** Supplied material **
::::::::::
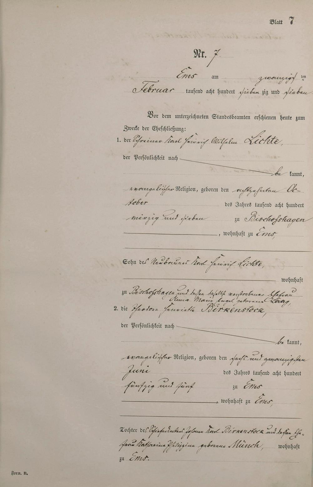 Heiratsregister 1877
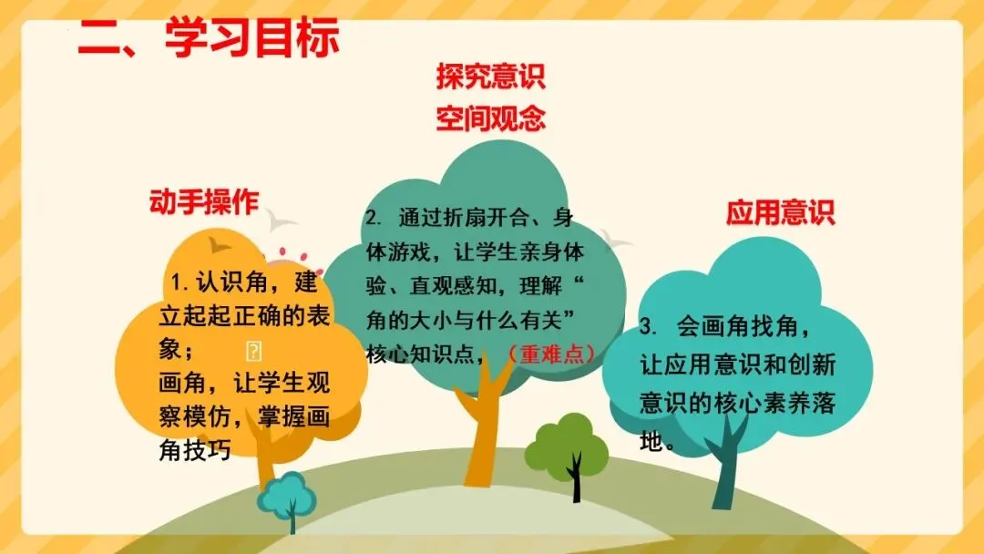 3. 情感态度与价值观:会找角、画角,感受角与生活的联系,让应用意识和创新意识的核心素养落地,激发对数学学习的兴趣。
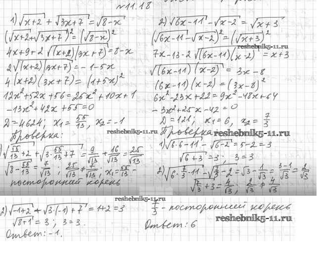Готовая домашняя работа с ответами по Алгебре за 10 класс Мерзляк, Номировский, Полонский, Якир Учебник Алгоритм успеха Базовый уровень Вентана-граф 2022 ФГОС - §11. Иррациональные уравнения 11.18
::::::::::
Your answer should be the lines from the line containing "3. 情感态度与价值观:会找" through the end of the listing above, output exactly and alone, without the pictures.

 3. 情感态度与价值观:会找角、画角,感受角与生活的联系,让应用意识和创新意识的核心素养落地,激发对数学学习的兴趣。
Готовая домашняя работа с ответами по Алгебре за 10 класс Мерзляк, Номировский, Полонский, Якир Учебник Алгоритм успеха Базовый уровень Вентана-граф 2022 ФГОС - §11. Иррациональные уравнения 11.18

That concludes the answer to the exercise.